Commissioner of Central Excise, Mangalore v. Kudremukh Iron and Steel Co. Ltd.
2011-04-01
N.KUMAR, RAVI MALIMATH
body2011
DigiLaw.ai
JUDGMENT N. Kumar, J.—The revenue has preferred this appeal challenging the order passed by the Tribunal, holding that when the credit attributable to the inputs used in the exempted product is reversed, then there would not be any need for reversal of 8% of the sale value of the exempted products. 2. The assessee is a manufacture of pig iron. They take Cenvat credit on the inputs used. The pig iron is cleared on payment of duty on the basis of the CT-3 certificates. The revenue proceeded against the assessee and contended that the assessee ought to have reversed 8% of the sale value of the goods involved. Therefore, penalty of Rs. 1,500/- was imposed. An appeal was preferred by the revenue, which came to be rejected. Aggrieved by the same, the revenue preferred an appeal to the Tribunal. The Tribunal relying on the judgment rendered by the Larger Bench in the case of Nicholas Piramal (India) Ltd. vs. Commissioner of Central Excise, Thane, 2008 (232) E.L.T. 37 (Tri.-LB) dismissed the appeal upholding the order of the Commissioner (Appeals). Aggrieved by the said order, the present appeal is filed. 3. This appeal was admitted to consider the following substantial questions of law : Whether the assessee was entitled to the benefit of Cestat credit while admittedly the assessee has not maintained the accounts as stipulated under Rule 6 of the Cenvat Credit Rules? 4. In the course of pendency of this appeal, Finance Act, 2010 amended Rule 6 of Cenvat Credit Rules, 2001 and gave retrospective effect from 1st day of July, 2001 to the 28th day of February, 2002 and subsequently, from the 1st day of March, 2002 to the 9th day of September, 2004. Once the cenvat credit taken is reversed, there is no liability to pay excess duty at 8% or penalty, interest as directed by the Assessing Authority. That is, precisely what the authorities have held without this amendment.
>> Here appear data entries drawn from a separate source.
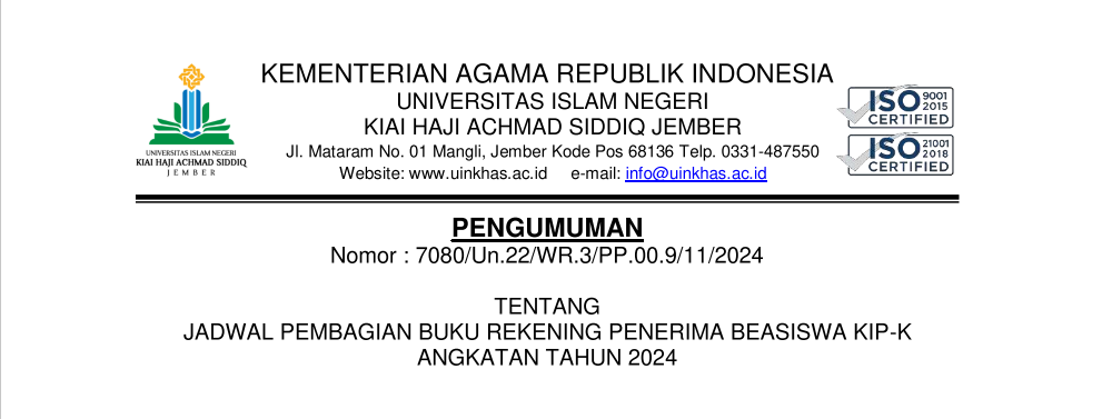 Pengumuman Jadwal Pembagian Buku Rekening Penerima Beasiswa KIP-K Angkatan Tahun 2024 UIN KHAS Jember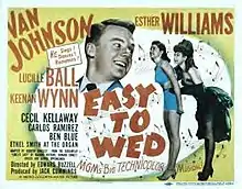 Easy to Wed is a 1946 Technicolor American musical comedy film directed by Edward Buzzell, and starring Van Johnson, Esther Williams, Lucille Ball, and Keenan Wynn. The screenplay by Dorothy Kingsley is an adaptation of the screenplay of the 1936 film Libeled Lady by Maurine Dallas Watkins, Howard Emmett Rogers, and George Oppenheimer.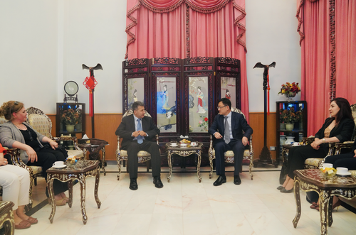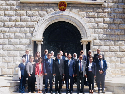 2023年6月20日,驻叙利亚大使史宏微在使馆同参加中阿改革发展研究中心叙利亚官员研修班的近20名学员座谈交流。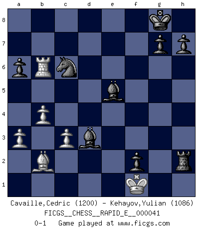 Last move : 0-1 2011 February 3 23:40:21 [Event "FICGS__CHESS__RAPID_E__000041"] [Site "FICGS"] [Date "2010.12.16"] [Round "1"] [White "Cavaille,Cedric"] [Black "Kehayov,Yulian"] [Result "0-1"] [WhiteElo "1200"] [BlackElo "1086"] 1.e4 e5 2.Nf3 Nc6 3.Bc4 Nf6 4.Nc3 Be7 5.Ng5 O-O 6.Nxf7 Rxf7 7.Bxf7+ Kxf7 8.O-O d5 9.exd5 Nxd5 10.Nxd5 Qxd5 11.Re1 Kg8 12.c3 Be6 13.b4 Rf8 14.d3 Bf5 15.Qf3 Qxf3 16.gxf3 Bxd3 17.Rd1 Bg6 18.Rd7 Bd6 19.a3 a6 20.Rxc7 Bxc7 21.Bb2 Rxf3 22.Rd1 e4 23.Re1 Rh3 24.Kg2 Rxh2+ 25.Kg1 Ne7 26.Rd1 Nc6 27.Rd7 Be5 28.Rxb7 e3 29.Rb6 exf2+ 30.Kf1 Bd3+ 0-1 Two knights defense Kingside Castling by player Black (move 5) Kingside Castling by player White (move 8) Player Black won this chess game. Follow this game move after move (download)All my games are real. (Bobby Fischer) Ein Springer auf f6 gegen die eigene Rochadestellung ist schlimmer als ein rostiger Nagel im Knie. (Efim Bogoljubov) El Ajedrez es de 30 a 40 por ciento psicología. Uno no cuenta con esto cuando se juega contra una computadora. No lo puedo confundir. (Judith Polgar) Les échecs, c'est l'imagination. (David Bronstein) Internal peace cannot coexist with external war. (Don Groves)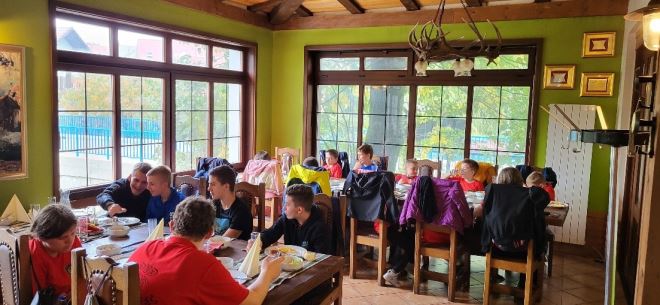 U samom restoranu djeca, mladež, rukovodstvo DVD-a i roditelji imali su zajednički ručak gdje su se odmorili, najeli i krenuli prema daljnjem razgledavanju. Špilja Vrelo bila je sljedeća ruta do koje su pješačili uz ljepote jezera Bajer dugih 7 km. Posjet špilji djeci je bio zanimljiv i prohladan pošto je temperatura špilje iznosila samo 5 stupnjeva.

When once amendment is made to the said rules giving the said benefit and it is expressly made retrospectively, the amendment takes care of this case. 5. In that view of the matter, the substantial questions of law framed in this appeal are answered in favour of the assessee and against the revenue. No merit in this appeal and accordingly, it is dismissed.